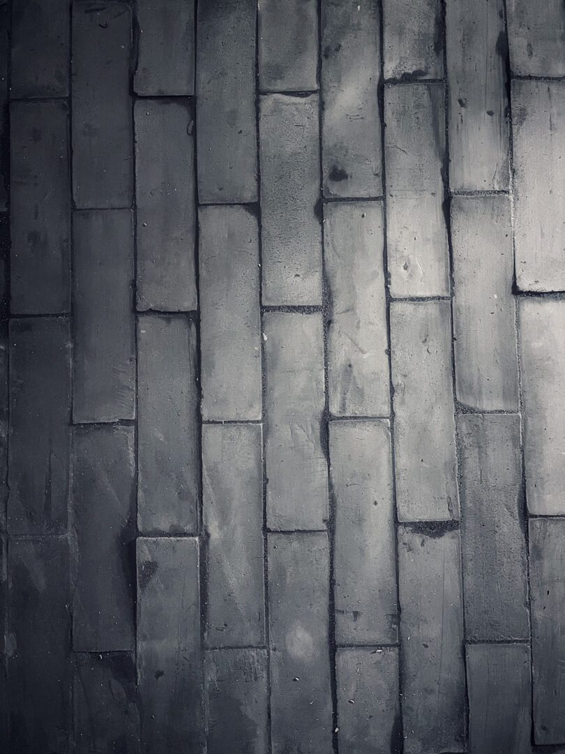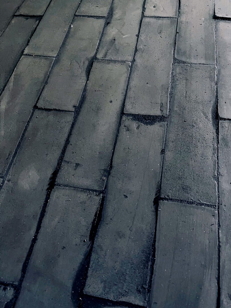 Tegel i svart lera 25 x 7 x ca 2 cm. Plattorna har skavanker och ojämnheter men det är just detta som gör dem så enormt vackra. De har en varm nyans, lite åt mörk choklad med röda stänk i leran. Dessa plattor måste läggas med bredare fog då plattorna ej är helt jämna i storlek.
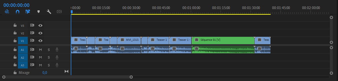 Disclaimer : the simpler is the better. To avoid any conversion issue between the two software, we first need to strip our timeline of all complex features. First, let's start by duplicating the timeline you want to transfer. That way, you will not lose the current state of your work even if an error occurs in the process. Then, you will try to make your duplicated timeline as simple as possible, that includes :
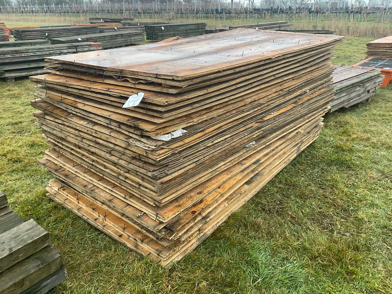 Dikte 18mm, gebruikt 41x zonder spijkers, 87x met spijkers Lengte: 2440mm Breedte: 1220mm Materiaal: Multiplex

* * *

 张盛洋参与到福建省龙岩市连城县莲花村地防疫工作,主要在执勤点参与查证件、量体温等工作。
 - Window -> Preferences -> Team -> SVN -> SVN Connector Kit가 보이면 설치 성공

* * *

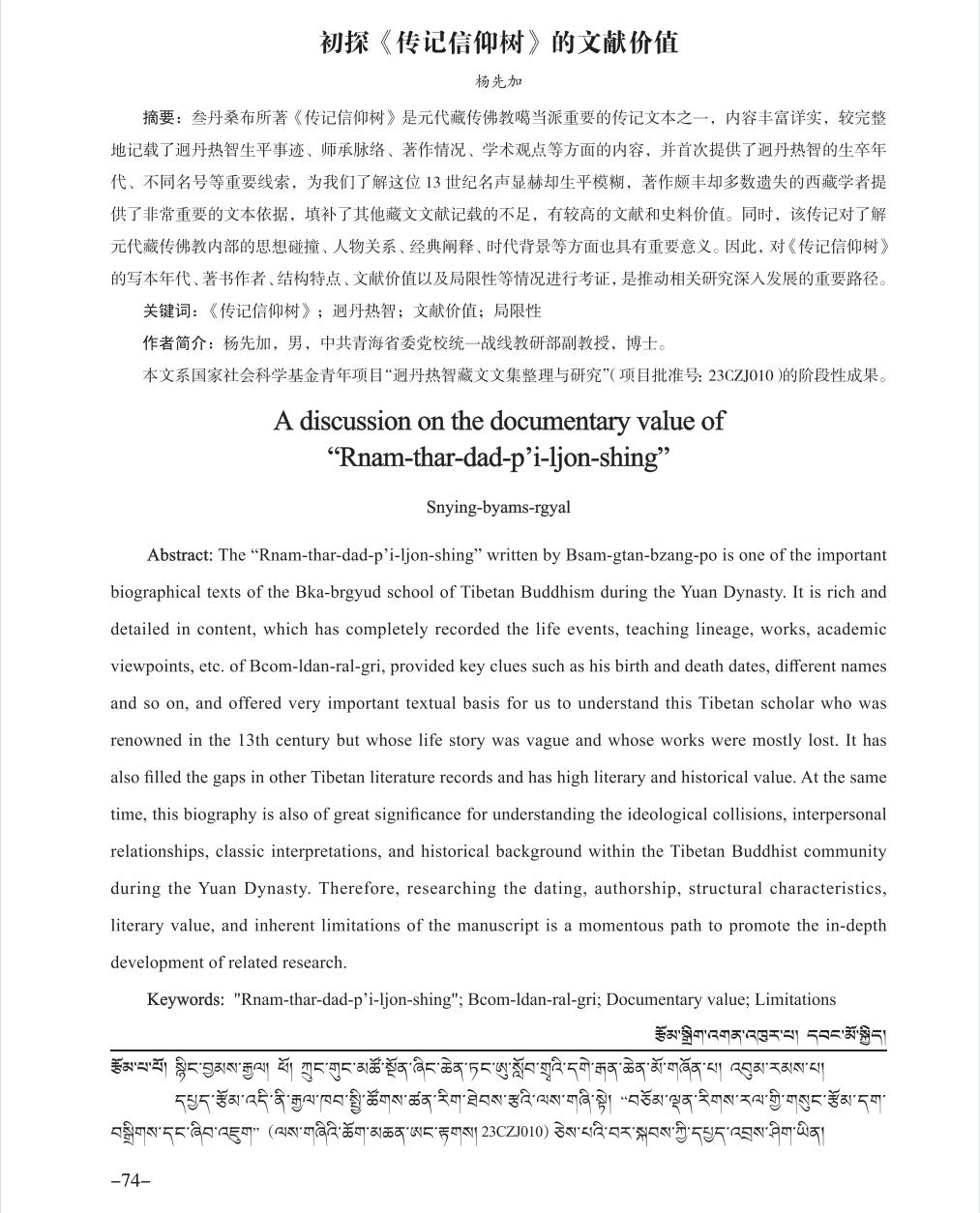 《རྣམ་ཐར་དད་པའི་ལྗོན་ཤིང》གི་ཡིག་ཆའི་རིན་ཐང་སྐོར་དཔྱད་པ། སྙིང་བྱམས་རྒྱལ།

◆ Exercise details
In the listing above, the required lines run from the line with "Tegel i svart" through the line with "Disclaimer : the". Output exactly those lines, omitting pictures.

◆ Response area
 Tegel i svart lera 25 x 7 x ca 2 cm. Plattorna har skavanker och ojämnheter men det är just detta som gör dem så enormt vackra. De har en varm nyans, lite åt mörk choklad med röda stänk i leran. Dessa plattor måste läggas med bredare fog då plattorna ej är helt jämna i storlek.
 Disclaimer : the simpler is the better. To avoid any conversion issue between the two software, we first need to strip our timeline of all complex features. First, let's start by duplicating the timeline you want to transfer. That way, you will not lose the current state of your work even if an error occurs in the process. Then, you will try to make your duplicated timeline as simple as possible, that includes :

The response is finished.